Friday, May 25, 2012

Teaching an English class

“Creation Care and the Common Good” began last week. It’s an English class for UCBC students who have completed the English curriculum. The purpose of the class is to help students “strengthen reading, writing, discourse, and critical thinking” within their disciplines. The course “looks at creation care and the common good from a Judeo-Christian perspective, and in the context of personal experience.” The class is intended to help students improve their English. It is also intended to provoke students’ thinking about the created world and the common good. If students wrestle with their assumptions, ideas, and beliefs about the created world and about the common good and leave the class with some new perspectives, questions, and ideas, then it will have succeeded.

The course objectives and outcomes are ambitious, for a class that meets 4 hours/week for 8 weeks.

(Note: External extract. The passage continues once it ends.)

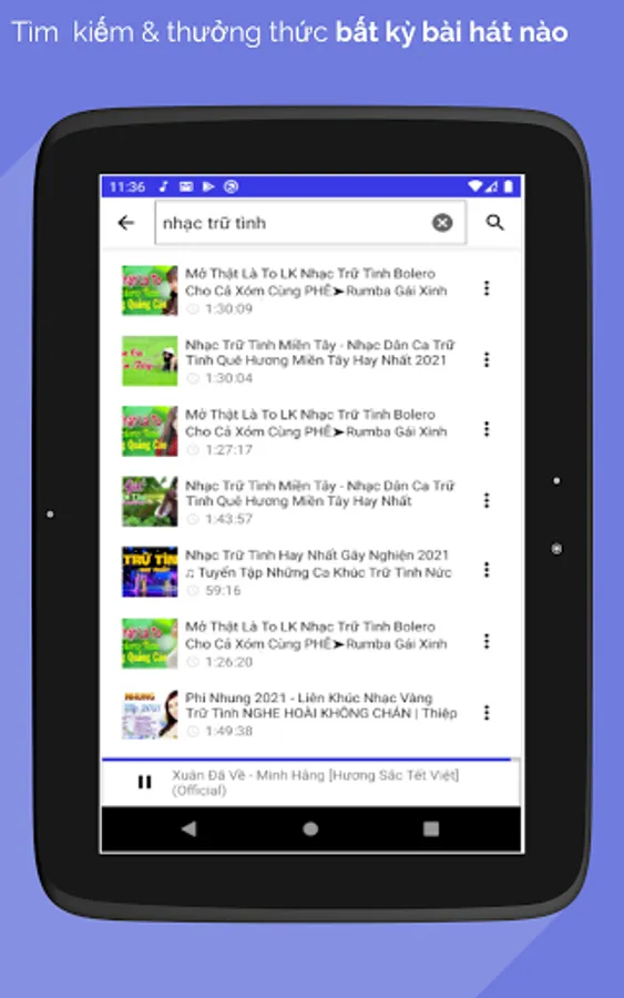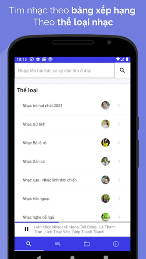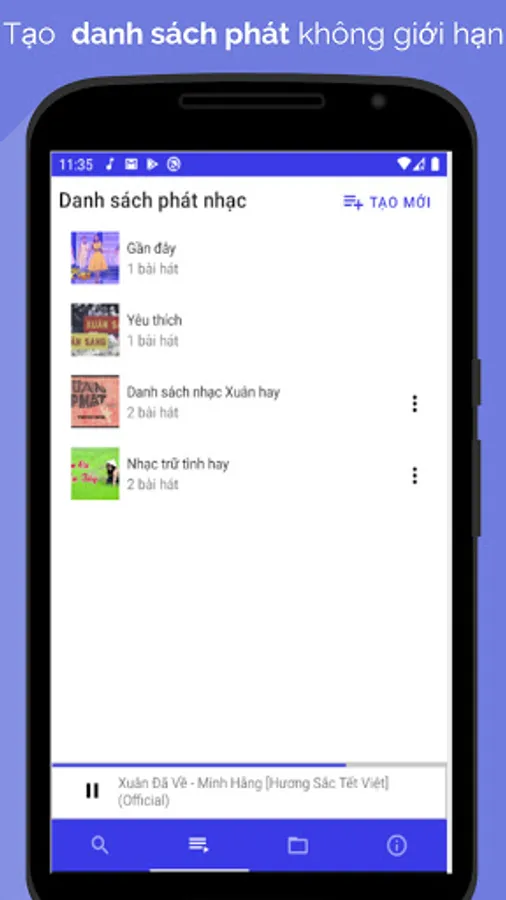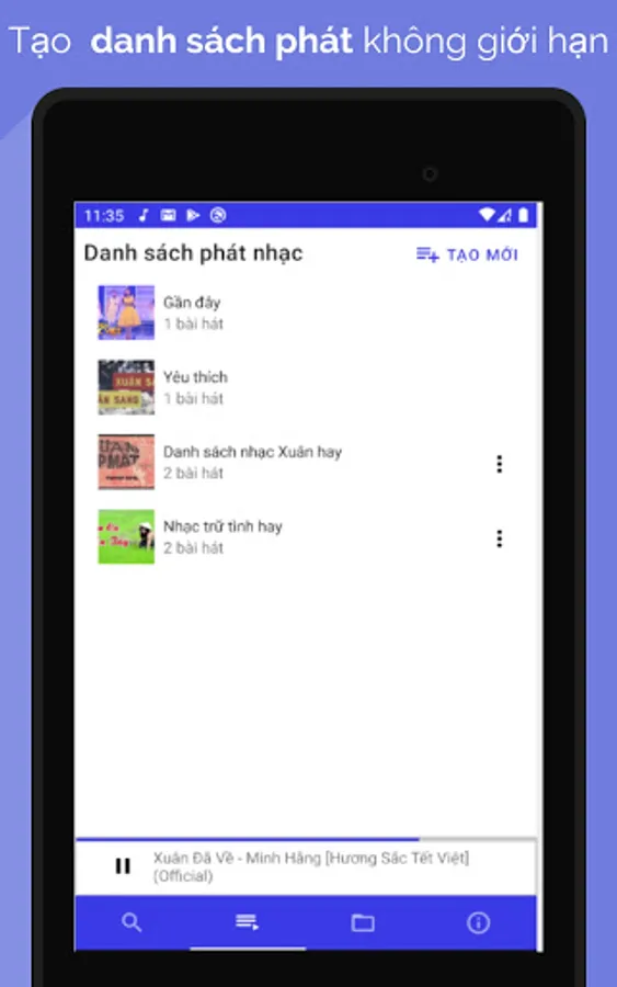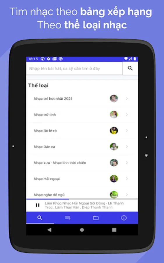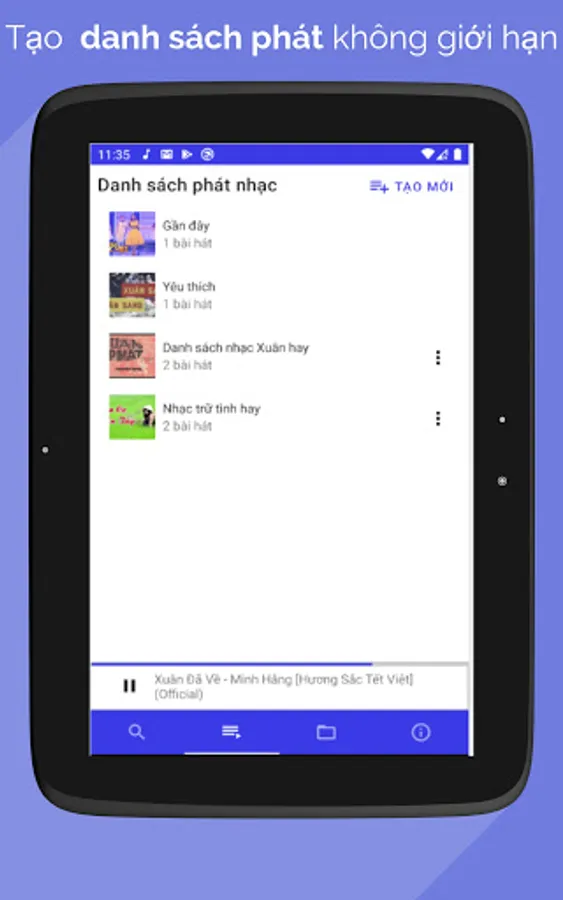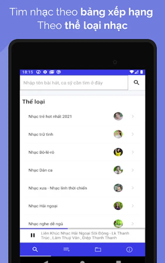 Music player application Listen to music allows listening to mp3 music online, listening to music off the screen and still listening or listening to mp3 music available on the memory card, searching for music by many genres of music, audio books like famous music applications in Viet Nam.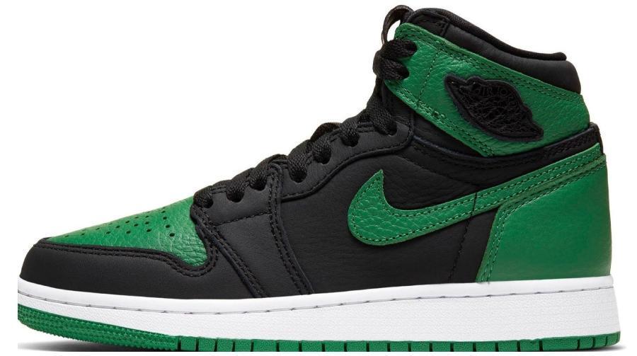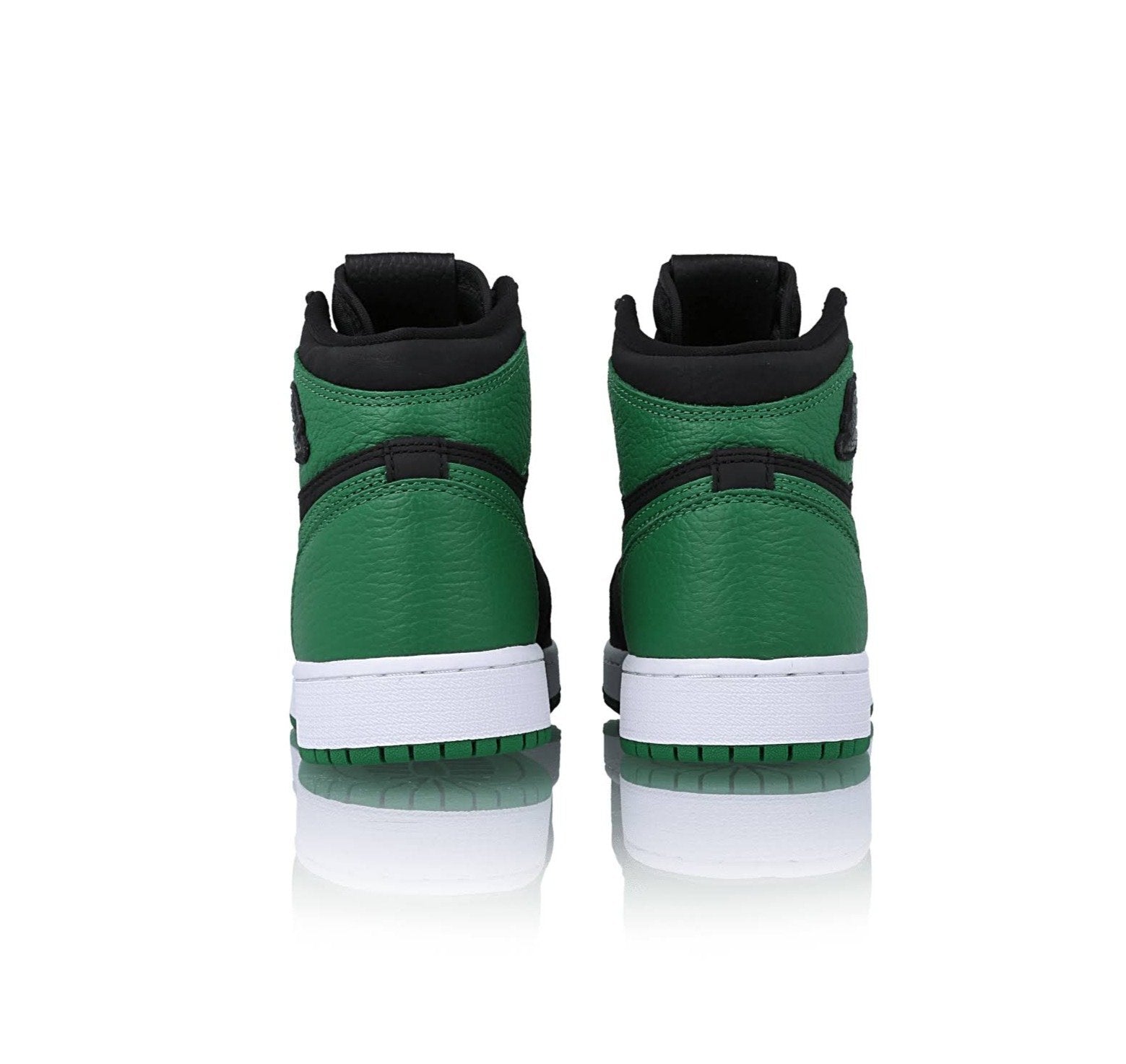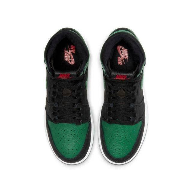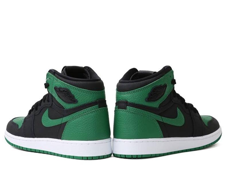 The Air Jordan 1 High Retro 'Pine Green' makes a statement with its full-grain leather upper in a mix of black and rich green tones. Classic paneling meets premium materials, while the high-cut collar nods to the original 1985 design. Finished with a white midsole and green outsole, this silhouette balances vintage roots with modern attitude.

But there is considerable more focus in the course today then when I first began developing it back in April. And the course will look different next time, if there is a next time.

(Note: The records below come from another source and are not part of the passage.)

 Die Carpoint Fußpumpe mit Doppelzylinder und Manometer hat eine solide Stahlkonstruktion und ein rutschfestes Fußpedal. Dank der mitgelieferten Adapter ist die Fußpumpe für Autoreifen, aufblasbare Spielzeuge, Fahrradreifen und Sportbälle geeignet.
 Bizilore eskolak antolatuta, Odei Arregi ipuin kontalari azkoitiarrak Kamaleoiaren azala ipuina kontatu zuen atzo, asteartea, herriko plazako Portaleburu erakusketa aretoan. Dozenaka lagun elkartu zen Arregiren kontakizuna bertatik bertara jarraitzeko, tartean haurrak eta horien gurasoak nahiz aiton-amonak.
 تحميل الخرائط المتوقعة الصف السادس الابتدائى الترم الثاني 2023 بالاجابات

It’s good to be back in an English class. It’s been a long time. The teaching and facilitating I’ve been doing over the past several years has been in curriculum development, instruction, and assessment—professional development content for teachers here at UCBC. It was time to get back into the classroom, have my own experience as a teacher here at UCBC, and put my own advice and coaching into action.

There are 18 students in the class—good number. They are from the four faculties/disciplines here at UCBC: communications, economics, applied sciences, theology. There is a range of English ability among the students, and, most likely, a range of interest and academic ability. But that will be part of the fun (translate, challenge!).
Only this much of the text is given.